Crap, he was distracting me again. I clamped down my lust and drilled him with my gaze. “Christos, you still haven’t told me about why you haven’t said the word ‘love’ in so long. I told you about Damian. You have to uphold your end.”

“I was getting to that.” He stood up and took a deep breath. Then he started pacing my living room, like he was running away from the truth, but he had nowhere to go except to let it out.

“The last woman I told I loved them was my mom. I told her pretty much every day, right up until the day she left my dad.

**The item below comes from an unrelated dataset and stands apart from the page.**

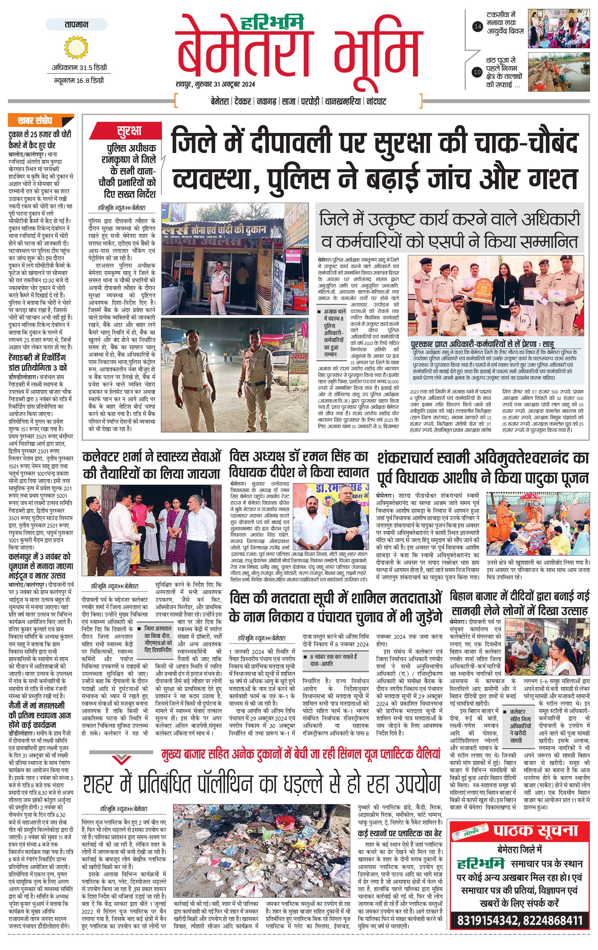 बेमेतरा भूमि - 31 Oct 2024 - - Page 1
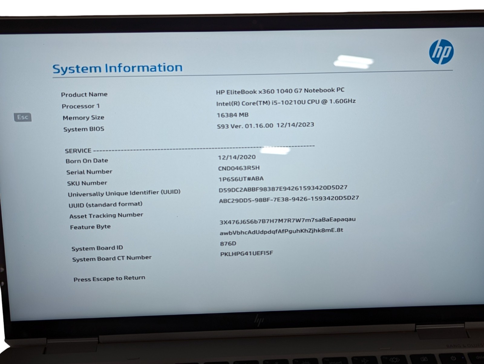 Модель: EliteBook X360 1040 G7

“I remember my dad begging her over and over not to leave because he loved her. I can hear his voice in my head, pleading ‘I love you, Vesile, I love you. Don’t go, my love. I need you.’ My mom ignored him and walked out the front door of our house.

“I hated her so much for leaving, I swore I would never make the mistake of telling a woman I loved her. Not even my mom.”

Christos looked like he was reliving the moment. I wanted to touch him, to comfort him, but I felt like he needed space. I sat on the couch, elbows on my knees, clasping my fingers in front of my face.

“After that,” he said, “I tended not to trust any women. I avoided them. But when puberty hit, I had to make some sort of peace with women, because I felt that need for them, that yearning I couldn’t ignore.
 

“I made a vow that I wouldn’t let a woman get close to me like my dad had with my mom. It was too dangerous. I saw firsthand how it destroyed him, and the hurt my mom left with
me
was devastating. I wasn’t going to invite more pain in by loving someone like my dad had loved my mom.

“So every time one of the girls I was seeing mentioned love, I shut down, or played it off so we could hook up. I felt like shit, but I didn’t care. I wanted release, and they wanted it too. But it’s all I could give them. It was an escape from my pain.
 

“My broken heart never healed. I saw love as a prison, a place you willingly entered and shut the bars on yourself. A place where you risked being beaten without warning by the cruel people who trapped you inside.”

Christos exhaled deeply, slumping over.

The way he said it sounded so awful. I couldn’t wrap my head around it. “Do you still talk to your mom?”